RECORDS FOR THIS EXERCISE
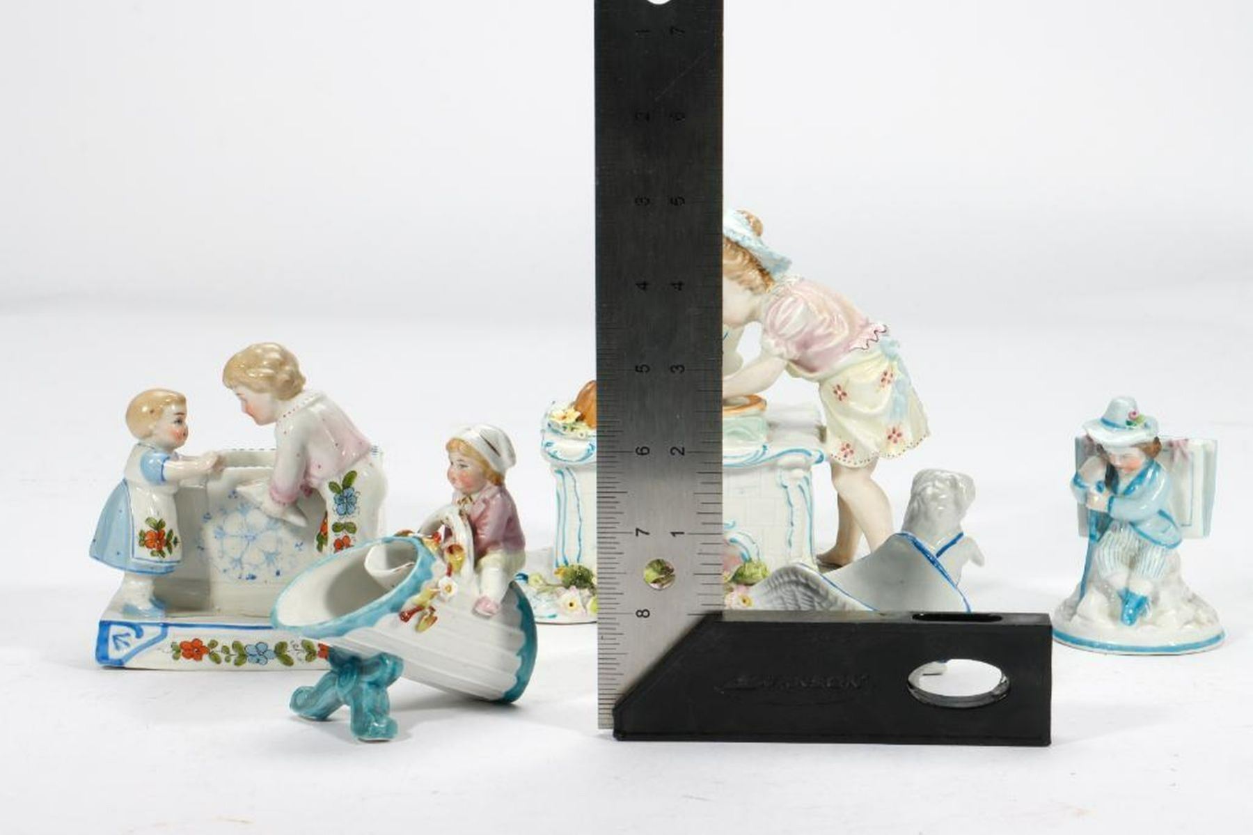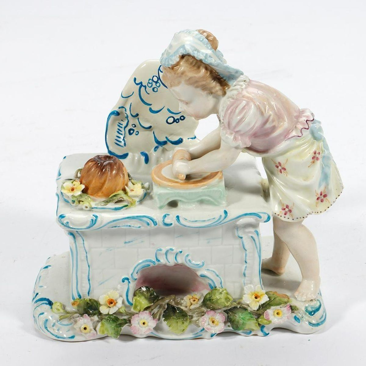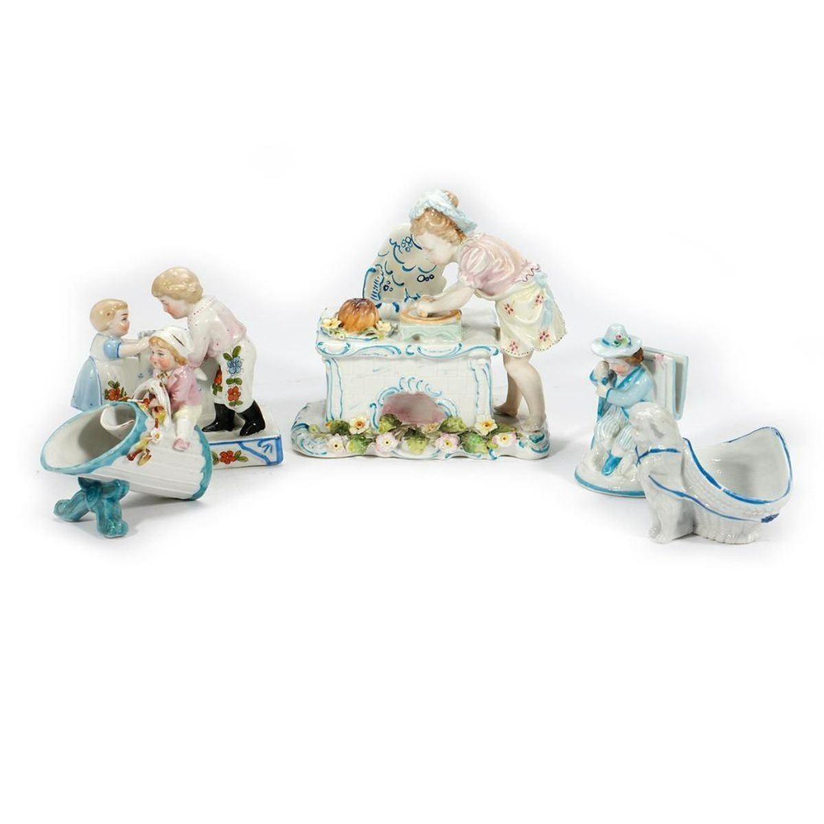 Including a figurine of a girl baking, a place card holder, and three bud vases/trinket dishes; all unmarked/numbers only. Ranging in height from 2 1/2in. to 5 3/4in. Condition: The baking girl with old repairs on her back, some broken-off flower leaves.
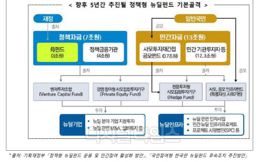 정책형 뉴딜펀드의 성과를 공유하기 위한 재간접 공모펀드는 5개 자산운용사(골든브릿지자산운용, 신한자산운용, KB자산운용, 한화자산운용, IBK자산운용)가 발행한다. KB자산운용을 제외한 4개 운용사는 증권신고서의 효력이 발휘된 상태다. KB자산운용은 아직 증권신고서 수리 절차가 완료되지 않은 것으로 전해졌다.
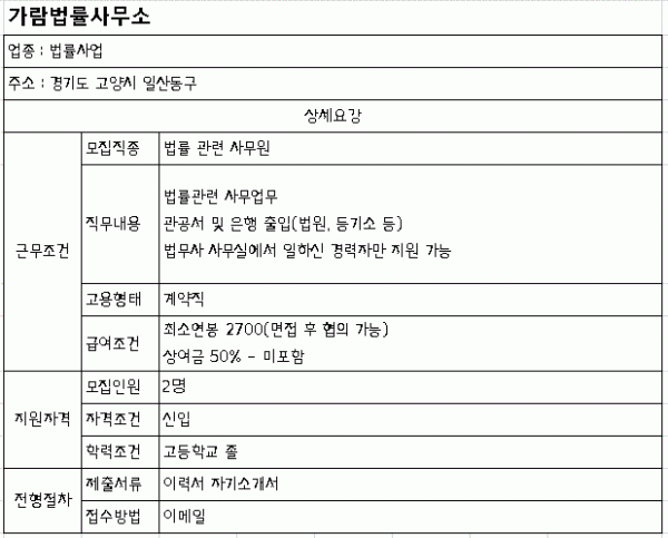 가람법률사무소 페이지 정보 작성자 관리자 작성일17-08-22 15:56 조회10,541회 댓글0건 관련링크 이전글 다음글 목록 본문 가람법률사무소에서 법률 사무원을 모집합니다 접수마감은 09월 24일 입니다 정보제공:서울일자리플러스센터 이전글 다음글 목록
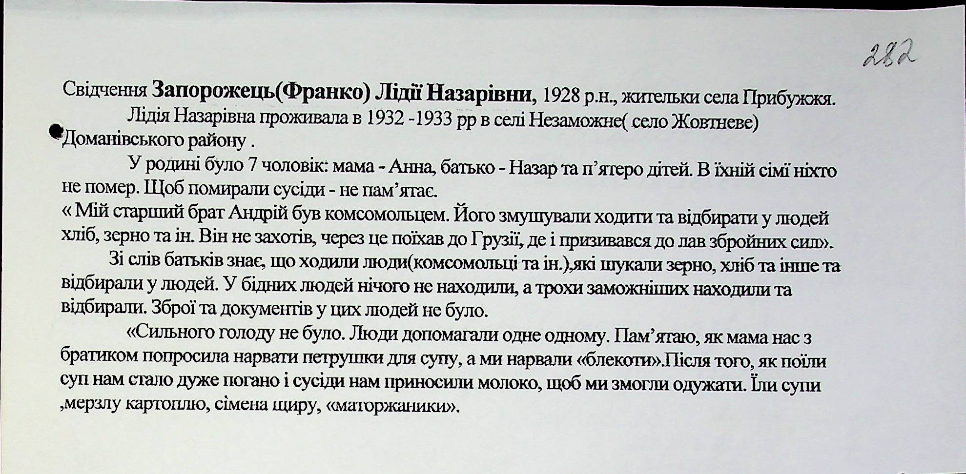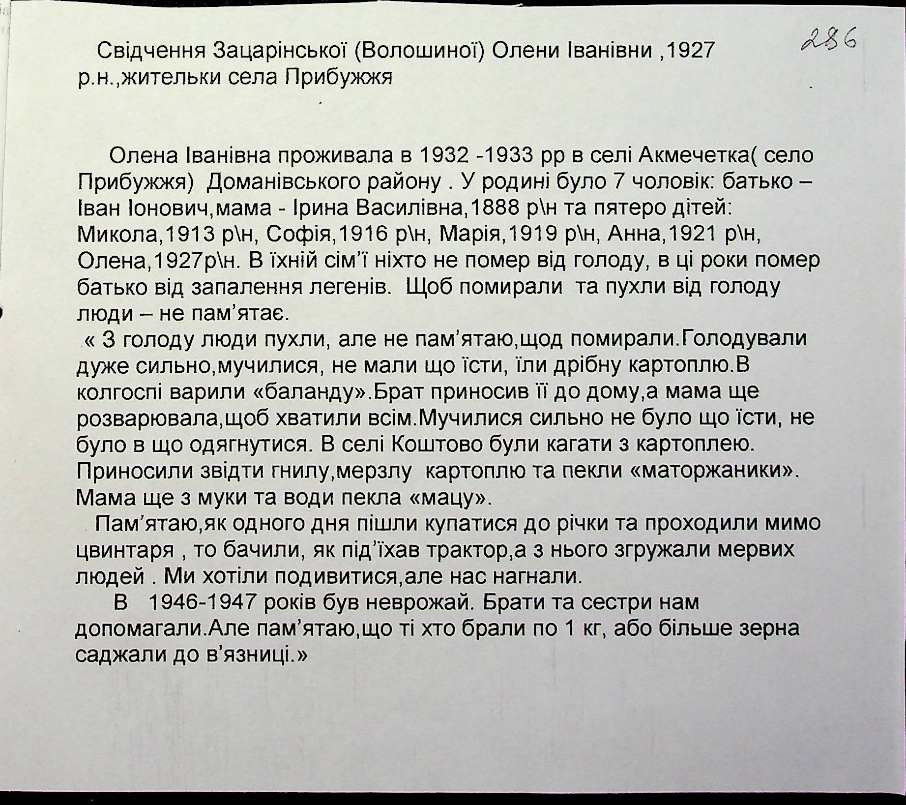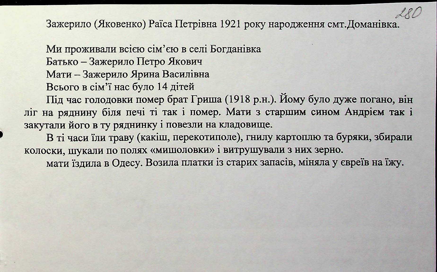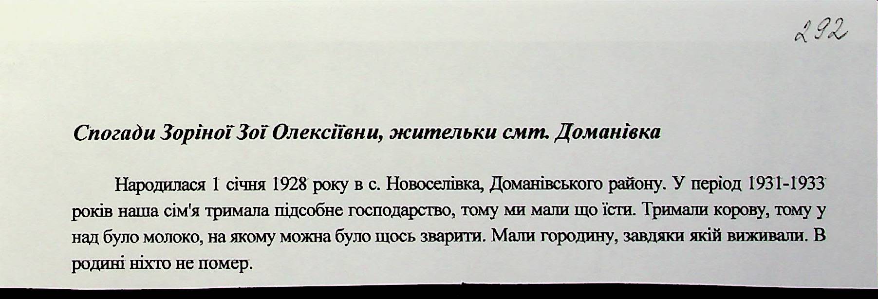 • • • • Справа № 26 “Свідчення очевидців Голодомору 1932-1933 років, які проживають у Доманівському районі, з прізвищами на літери А–І”
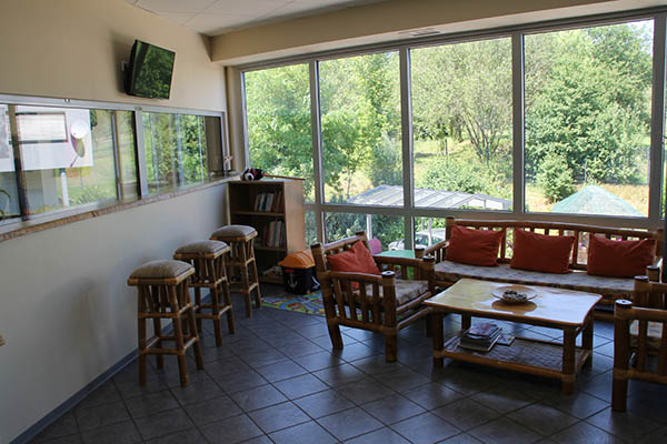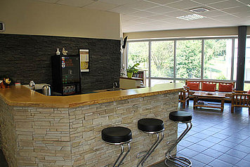 Die aus Stein gebaute Empfangstheke bietet das perfekte Ambiente, um auch vor und nach dem Unterricht gemütlich beisammen zu sitzen.
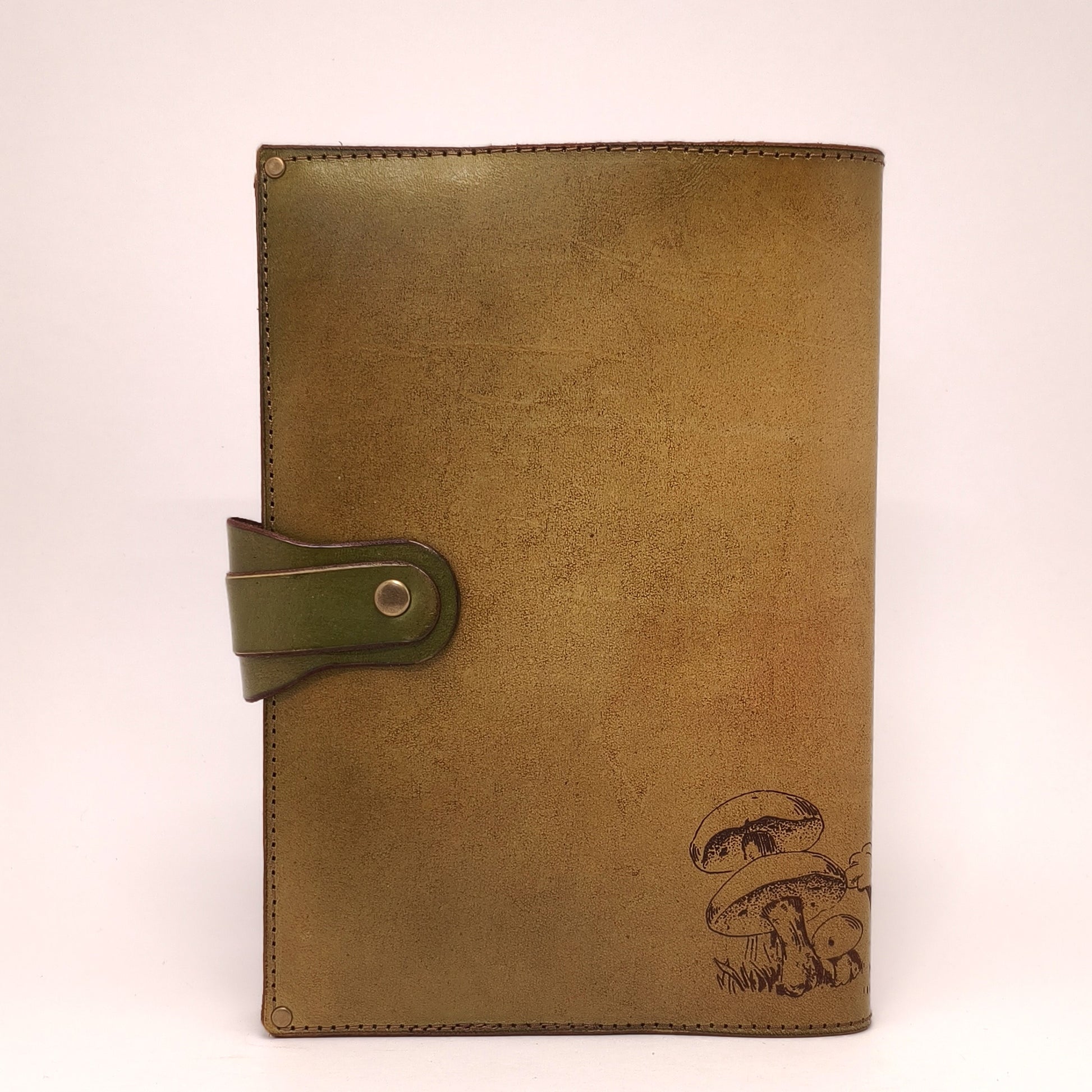 This handmade leather journal is a blend of art, history, and lasting craftsmanship, created by a single artisan in Oak Ridge, Tennessee. The cover is made from hand-dyed leather and laser engraved with an illustration sourced from an antique book. It’s reinforced with solid brass rivets and secured with a snap closure for durability and elegance.

WHAT IS EXPECTED
Where the data contains images, drop them and print the rest exactly.

EXERCISE ANSWER
 Including a figurine of a girl baking, a place card holder, and three bud vases/trinket dishes; all unmarked/numbers only. Ranging in height from 2 1/2in. to 5 3/4in. Condition: The baking girl with old repairs on her back, some broken-off flower leaves.
 정책형 뉴딜펀드의 성과를 공유하기 위한 재간접 공모펀드는 5개 자산운용사(골든브릿지자산운용, 신한자산운용, KB자산운용, 한화자산운용, IBK자산운용)가 발행한다. KB자산운용을 제외한 4개 운용사는 증권신고서의 효력이 발휘된 상태다. KB자산운용은 아직 증권신고서 수리 절차가 완료되지 않은 것으로 전해졌다.
 가람법률사무소 페이지 정보 작성자 관리자 작성일17-08-22 15:56 조회10,541회 댓글0건 관련링크 이전글 다음글 목록 본문 가람법률사무소에서 법률 사무원을 모집합니다 접수마감은 09월 24일 입니다 정보제공:서울일자리플러스센터 이전글 다음글 목록
 • • • • Справа № 26 “Свідчення очевидців Голодомору 1932-1933 років, які проживають у Доманівському районі, з прізвищами на літери А–І”
 Die aus Stein gebaute Empfangstheke bietet das perfekte Ambiente, um auch vor und nach dem Unterricht gemütlich beisammen zu sitzen.
 This handmade leather journal is a blend of art, history, and lasting craftsmanship, created by a single artisan in Oak Ridge, Tennessee. The cover is made from hand-dyed leather and laser engraved with an illustration sourced from an antique book. It’s reinforced with solid brass rivets and secured with a snap closure for durability and elegance.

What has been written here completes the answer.